Saved data entries
------------------------------------

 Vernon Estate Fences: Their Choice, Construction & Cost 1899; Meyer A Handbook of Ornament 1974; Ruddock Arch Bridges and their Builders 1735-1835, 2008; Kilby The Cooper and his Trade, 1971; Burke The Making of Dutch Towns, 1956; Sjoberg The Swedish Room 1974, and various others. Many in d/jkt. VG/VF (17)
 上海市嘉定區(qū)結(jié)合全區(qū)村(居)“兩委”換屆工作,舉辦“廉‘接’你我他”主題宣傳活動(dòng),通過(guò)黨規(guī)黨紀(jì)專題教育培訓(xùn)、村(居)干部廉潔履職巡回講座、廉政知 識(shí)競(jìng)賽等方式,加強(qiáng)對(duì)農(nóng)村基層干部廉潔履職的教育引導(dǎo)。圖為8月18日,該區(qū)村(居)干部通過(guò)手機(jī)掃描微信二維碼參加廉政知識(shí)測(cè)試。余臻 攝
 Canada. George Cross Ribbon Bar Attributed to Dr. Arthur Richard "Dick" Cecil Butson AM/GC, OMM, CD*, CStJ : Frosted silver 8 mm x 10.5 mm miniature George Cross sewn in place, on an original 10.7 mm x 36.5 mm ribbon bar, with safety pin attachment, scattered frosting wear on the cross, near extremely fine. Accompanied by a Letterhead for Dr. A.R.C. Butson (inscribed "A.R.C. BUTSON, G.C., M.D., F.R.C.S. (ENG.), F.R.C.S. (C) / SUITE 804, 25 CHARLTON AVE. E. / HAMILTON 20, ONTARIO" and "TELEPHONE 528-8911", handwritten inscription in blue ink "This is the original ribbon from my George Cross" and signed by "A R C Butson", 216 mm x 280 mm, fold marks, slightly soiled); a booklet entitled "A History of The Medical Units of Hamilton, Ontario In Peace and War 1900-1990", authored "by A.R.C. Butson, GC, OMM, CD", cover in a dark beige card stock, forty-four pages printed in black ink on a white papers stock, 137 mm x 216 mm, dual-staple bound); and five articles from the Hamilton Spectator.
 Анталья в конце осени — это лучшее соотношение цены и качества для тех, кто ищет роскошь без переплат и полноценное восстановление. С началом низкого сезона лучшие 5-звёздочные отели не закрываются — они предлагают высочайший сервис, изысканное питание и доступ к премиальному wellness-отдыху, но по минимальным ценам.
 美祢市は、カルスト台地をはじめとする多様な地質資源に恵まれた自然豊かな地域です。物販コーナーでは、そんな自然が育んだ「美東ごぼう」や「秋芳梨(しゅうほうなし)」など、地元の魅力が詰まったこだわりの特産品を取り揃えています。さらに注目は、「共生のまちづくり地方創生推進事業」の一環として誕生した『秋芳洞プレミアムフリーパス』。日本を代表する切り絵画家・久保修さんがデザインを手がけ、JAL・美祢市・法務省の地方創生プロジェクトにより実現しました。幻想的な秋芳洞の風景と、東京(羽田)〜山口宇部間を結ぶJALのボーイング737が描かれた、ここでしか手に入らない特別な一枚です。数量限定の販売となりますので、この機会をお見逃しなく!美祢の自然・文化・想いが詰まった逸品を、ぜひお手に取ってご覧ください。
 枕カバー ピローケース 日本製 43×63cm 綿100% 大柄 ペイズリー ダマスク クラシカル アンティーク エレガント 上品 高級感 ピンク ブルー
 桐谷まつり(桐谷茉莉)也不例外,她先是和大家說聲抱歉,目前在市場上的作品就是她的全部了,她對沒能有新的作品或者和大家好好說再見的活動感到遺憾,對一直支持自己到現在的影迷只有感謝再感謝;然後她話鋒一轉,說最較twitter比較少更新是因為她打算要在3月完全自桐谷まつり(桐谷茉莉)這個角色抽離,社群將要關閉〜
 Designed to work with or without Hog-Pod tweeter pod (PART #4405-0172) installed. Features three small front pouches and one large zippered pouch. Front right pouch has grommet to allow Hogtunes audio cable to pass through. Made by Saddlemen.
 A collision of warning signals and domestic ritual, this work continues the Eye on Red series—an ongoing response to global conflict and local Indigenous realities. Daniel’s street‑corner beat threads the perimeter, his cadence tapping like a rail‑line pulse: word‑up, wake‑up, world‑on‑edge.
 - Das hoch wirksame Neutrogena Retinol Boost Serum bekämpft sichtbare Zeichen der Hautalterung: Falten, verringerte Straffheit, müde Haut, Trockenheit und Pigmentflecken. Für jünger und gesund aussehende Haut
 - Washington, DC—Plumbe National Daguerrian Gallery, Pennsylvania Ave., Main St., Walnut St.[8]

------------------------------------

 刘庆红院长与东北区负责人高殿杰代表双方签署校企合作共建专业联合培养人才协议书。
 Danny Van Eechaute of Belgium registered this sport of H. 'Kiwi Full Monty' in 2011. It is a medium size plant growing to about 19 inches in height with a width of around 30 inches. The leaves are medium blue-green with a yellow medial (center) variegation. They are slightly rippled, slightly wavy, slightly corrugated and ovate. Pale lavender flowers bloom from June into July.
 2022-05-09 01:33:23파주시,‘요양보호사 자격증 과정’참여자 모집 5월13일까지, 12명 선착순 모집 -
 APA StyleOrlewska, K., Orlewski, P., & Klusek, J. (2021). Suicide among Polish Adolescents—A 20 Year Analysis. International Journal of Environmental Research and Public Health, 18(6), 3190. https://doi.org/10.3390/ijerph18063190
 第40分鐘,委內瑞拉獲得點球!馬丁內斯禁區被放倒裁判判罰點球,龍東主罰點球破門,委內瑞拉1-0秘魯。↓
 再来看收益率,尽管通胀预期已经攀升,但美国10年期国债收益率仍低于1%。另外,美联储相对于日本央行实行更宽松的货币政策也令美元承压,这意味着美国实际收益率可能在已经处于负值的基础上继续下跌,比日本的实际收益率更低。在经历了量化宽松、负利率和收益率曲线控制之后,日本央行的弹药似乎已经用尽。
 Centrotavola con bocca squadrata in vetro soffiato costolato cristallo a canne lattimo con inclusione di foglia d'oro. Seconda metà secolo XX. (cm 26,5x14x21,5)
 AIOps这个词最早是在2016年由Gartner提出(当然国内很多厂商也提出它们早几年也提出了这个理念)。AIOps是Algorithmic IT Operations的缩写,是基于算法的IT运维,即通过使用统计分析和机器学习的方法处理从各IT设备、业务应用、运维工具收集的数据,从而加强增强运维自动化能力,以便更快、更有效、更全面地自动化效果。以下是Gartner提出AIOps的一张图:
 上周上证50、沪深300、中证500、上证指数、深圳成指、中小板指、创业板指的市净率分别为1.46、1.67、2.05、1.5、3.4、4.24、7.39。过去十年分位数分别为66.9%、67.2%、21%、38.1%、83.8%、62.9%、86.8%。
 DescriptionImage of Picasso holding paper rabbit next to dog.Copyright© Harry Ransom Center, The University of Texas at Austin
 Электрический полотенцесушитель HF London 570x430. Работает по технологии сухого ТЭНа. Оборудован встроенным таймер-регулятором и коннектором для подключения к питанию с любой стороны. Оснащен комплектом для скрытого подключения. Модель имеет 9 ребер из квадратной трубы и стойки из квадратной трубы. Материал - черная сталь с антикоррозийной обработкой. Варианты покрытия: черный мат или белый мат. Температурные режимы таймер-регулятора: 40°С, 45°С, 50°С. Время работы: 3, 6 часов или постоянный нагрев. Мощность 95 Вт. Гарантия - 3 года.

------------------------------------

Problem to solve:
In the entries above, the lines between the one holding "枕カバー ピローケース 日本製" and the one holding "- Das hoch wirksame", inclusive, are to be printed exactly as written, and those alone.

Answer to the exercise:
 枕カバー ピローケース 日本製 43×63cm 綿100% 大柄 ペイズリー ダマスク クラシカル アンティーク エレガント 上品 高級感 ピンク ブルー
 桐谷まつり(桐谷茉莉)也不例外,她先是和大家說聲抱歉,目前在市場上的作品就是她的全部了,她對沒能有新的作品或者和大家好好說再見的活動感到遺憾,對一直支持自己到現在的影迷只有感謝再感謝;然後她話鋒一轉,說最較twitter比較少更新是因為她打算要在3月完全自桐谷まつり(桐谷茉莉)這個角色抽離,社群將要關閉〜
 Designed to work with or without Hog-Pod tweeter pod (PART #4405-0172) installed. Features three small front pouches and one large zippered pouch. Front right pouch has grommet to allow Hogtunes audio cable to pass through. Made by Saddlemen.
 A collision of warning signals and domestic ritual, this work continues the Eye on Red series—an ongoing response to global conflict and local Indigenous realities. Daniel’s street‑corner beat threads the perimeter, his cadence tapping like a rail‑line pulse: word‑up, wake‑up, world‑on‑edge.
 - Das hoch wirksame Neutrogena Retinol Boost Serum bekämpft sichtbare Zeichen der Hautalterung: Falten, verringerte Straffheit, müde Haut, Trockenheit und Pigmentflecken. Für jünger und gesund aussehende Haut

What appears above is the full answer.